Degree Name

Master of Arts


School of History and Politics - Faculty of Arts


The issue of asylum seekers was central to the 2001 Australian federal election campaign. Of several incidents involving asylum seekers during the campaign, two have become essential to the election narrative: the so-called children overboard and SIEV X incidents. Although both incidents involved asylum seekers, they were also quite different. During children overboard, the Government was very quick to inform the public of what occurred, although this was later proven wrong, whereas the Government did not wish to publicise the deaths of 353 asylum seekers onboard SIEV X. Most Australians are now well aware of the truth behind children overboard, but the controversy surrounding SIEV X is still relatively unknown. Both cases illustrate that the Australian Government was able to minimise public outrage over its actions - actions which, according to a number of people, should have caused mass outrage. The central aim of this thesis is therefore to analyse how the Government managed to prevent outrage over its actions. One method for analysing how those in power, such as governments, inhibit outrage is the backfire model.
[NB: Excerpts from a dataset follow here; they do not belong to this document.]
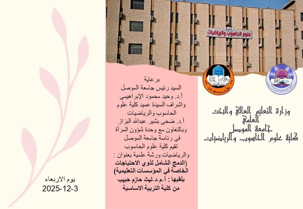 برعاية السيد رئيس جامعة الموصل الاستاذ الدكتور وحيد محمود الابراهيمي وبأشراف السيدة عميد كلية علوم الحاسوب والرياضيات الأستاذ الدكتور ضحى بشيرعبد الله تقيم شعبة الارشاد النفسي الجامعي في كلية علوم الحاسوب والرياضيات الندوة التوعوية .. الارشادية .. التثقيفية الموسومة (صحة وقيم: بناء قدرات الشباب في مواجهة تحديات الانترنيت من الناحية الصحية والتربوية والاخلاقية) يوم الاربعاء 3-12-2025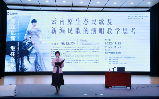 2022年11月25日下午,国家一流专业建设点建设系列讲座暨云南民族声乐大讲堂第二期“守正创新 继往开来”——云南原生态民歌及新编民歌的演唱教学思考在滚球买球的app官网安康音乐厅开讲。本次讲座由滚球买球的app官网院长林林教授主持,滚球买球的app官网民族声乐系系主任陈红玲教授主讲。讲座采用线上线下的同步观看方式,引起业内的高度关注与好评。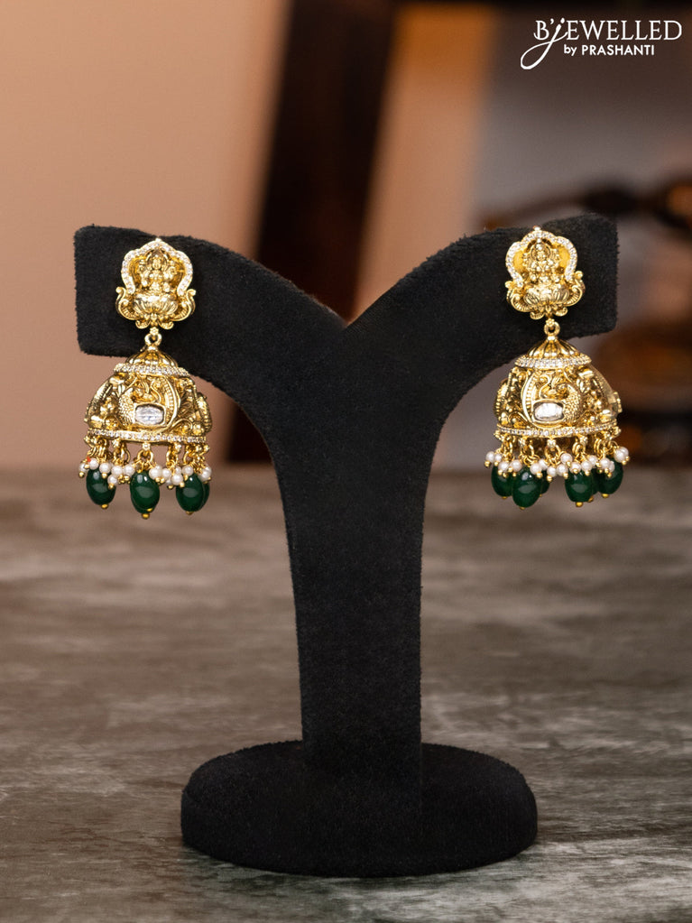 Antique haaram lakshmi design with kundan & cz stones and green beads hangings

The backfire model builds on the concept of 'political jiu-jitsu' and classifies Government actions into five methods: cover-up; devaluation of the target; reinterpretation of the event; using official channels; and intimidation and bribery. Extensive evidence is presented showing that in both cases, children overboard and SIEV X, the Government implemented all five methods. Recognising when a government attempts to implement one of the methods allows activists to execute their own counter-strategies, and in doing so challenge the government's authority and bring about positive social change.